The first is the widely favored and very logical "arboreal
theory,"...The second is the often ridiculed and seemingly less
probable "cursorial theory,"...
One of the classic arboreal scenarios was developed by Gerhard
Heilman in his well known book "The Origin of Birds" Heilman, as an
advocate of the arboreal theory, envisaged a gliding stage preceding the
development of true powered flight. The original ancestor, he suggests,
was a terrestrial runner:
[Here, Heilman's theory is quoted from his book. The basic outline
is as follows:
-From terrestrial runner to arboreal climber leaping from branch to
branch and tree to tree and tree to ground.
-Toes change so reptile/bird can grab branches
-Pressure of air acts as stimulus to change scales to longer scales.
-Friction of air causes scales to fray.
-Gradually, longer horny processes become more and more feather-
like until perfect feather forms.
-Feathers spread throughout whole body.
-Intensive use of arms lengthens them creating more powerful muscles.
-Breastbone halves ossify completely forming sight for muscles to
attach.
-Metabolism increases, becomes warmblooded.
Dr. Denton continues on and analyzes the two theories of
flight- from the ground up or from the tree down- going over the
problems associated with each none of which we will go into. We
will concentrate on the problem of scales to feathers. G.F.]

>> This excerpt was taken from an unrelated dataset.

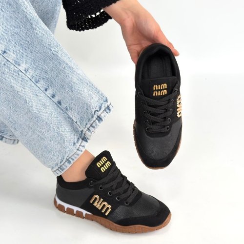 Marje Siyah Cilt Bağcıklı Spor Ayakkabı
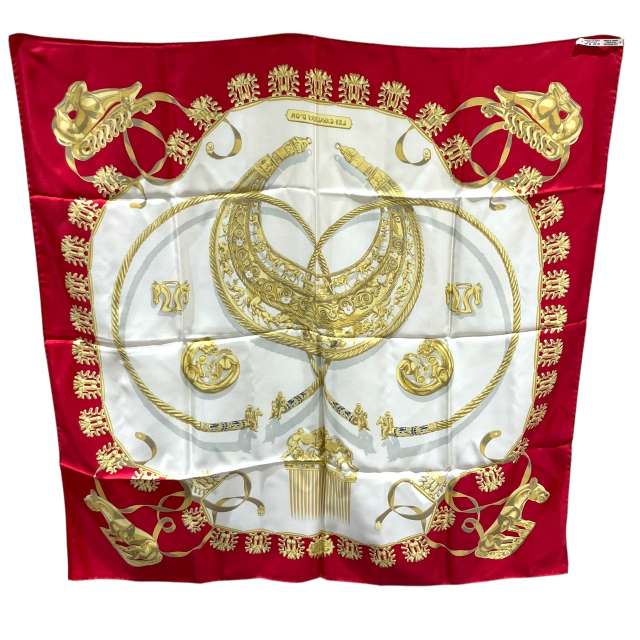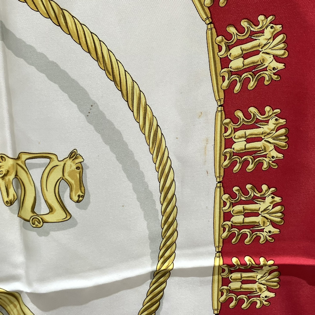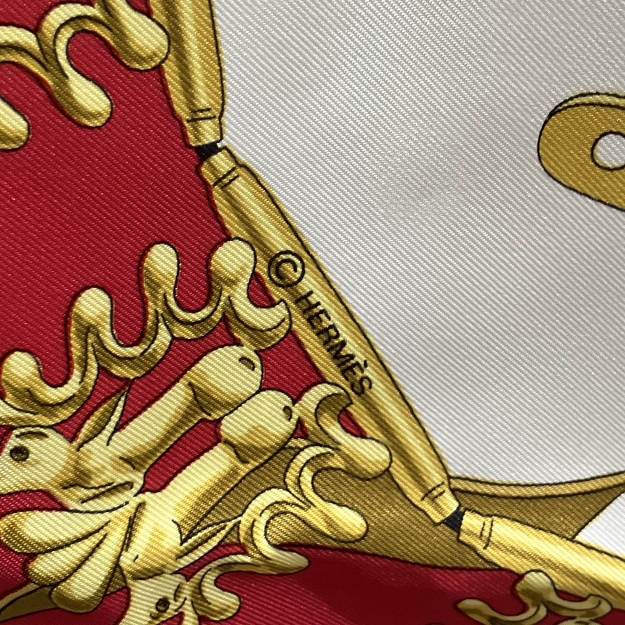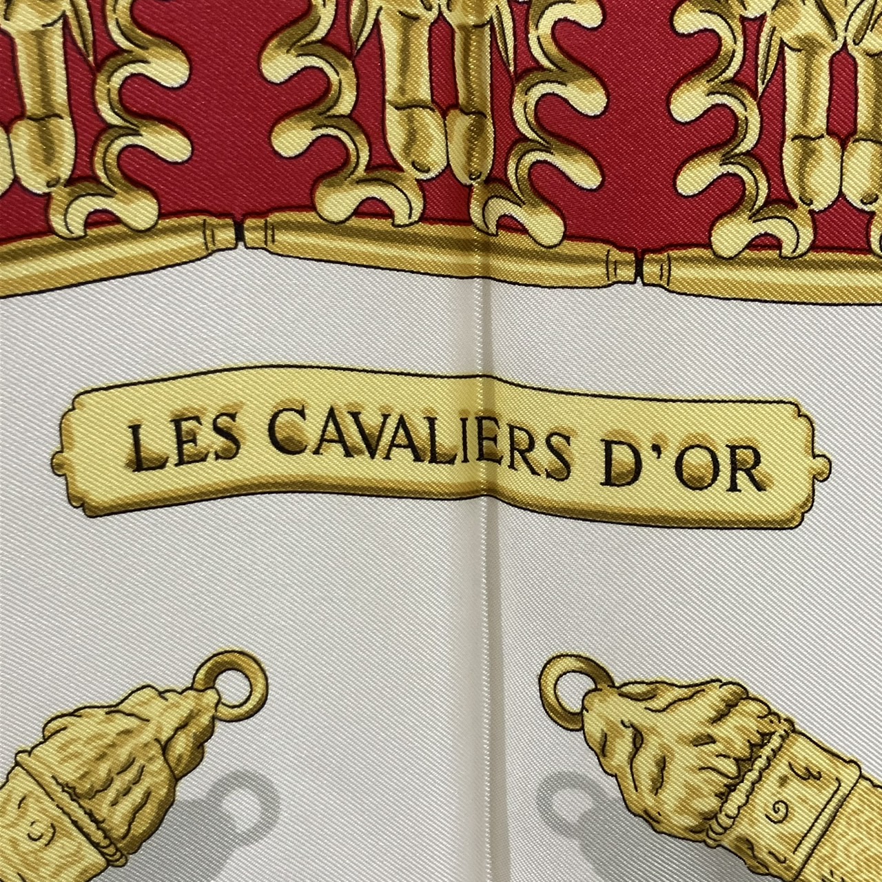LES CAVALIERS D’OR 黄金の騎士 カレ90 シルク100% レッド スカーフ

pp208,209 According to Heilman the original impervious vane
which supported these pre-avian species as they glided was a set
of "longish scales developing along the posterior edge of the
forearms and the side edges of the flattened tale". Then he
continues:
By the friction of the air the outer edges became
frayed, the fraying gradually changing into still
longer horny processes which in the course of
time became more and more featherlike.
It is at this point, when the actual evolution of the feather is
envisaged, that Heilman's scheme begins to look particularly
implausible, for it is very difficult to understand what the
adaptive value of frayed scales would be to a gliding organism
when any degree of fraying would make the scales previous to the
air, thereby decreasing their surface area and lift capacity. All
known organisms which have adaptations for gliding among fish,
frogs, reptiles, and mammals present a continuous unbroken surface
to the air.
It would seen reasonable to believe selection for
gliding in a hypothetical pro-avis would always tend to increase
the impervious surface area of its wing and decrease the tendency
to fray...
...It is not easy to see how an impervious reptiles scale
could be converted gradually into an impervious feather without
passing through a frayed scale intermediate which would be weak,
easily deformed and still quite permeable to air. It is true that
a feather is indeed a frayed scale- a mass of keratin filaments-
but the filaments are not a random tangle but are ordered in an
amazingly complex way to achieve the tightly intertwined structure
of the feather.
Take away the exquisite coadaptation of the
components, take away the coadaptation of the hooks and brabules,
take away the precisely parallel arrangement of the barbs on the
shaft and all that is left is a soft pliable structure utterly
unsuitable to form the basis of a stiff impervious aerofoil. The
stiff impervious property of the feather which makes it so
beautiful an adaptation for flight, depends basically on such a
highly invlolved and unique system of coadaptive components that
it seems impossible that any transitional feather-like structure
could possess even to a slight degree the crucial properties.
In the words of Barbara Stahl, in "Vertebrate History: Problems in
Evolution", as far as feathers are concerned, "How they arose
initially, presumably from reptile scales, defies analysis."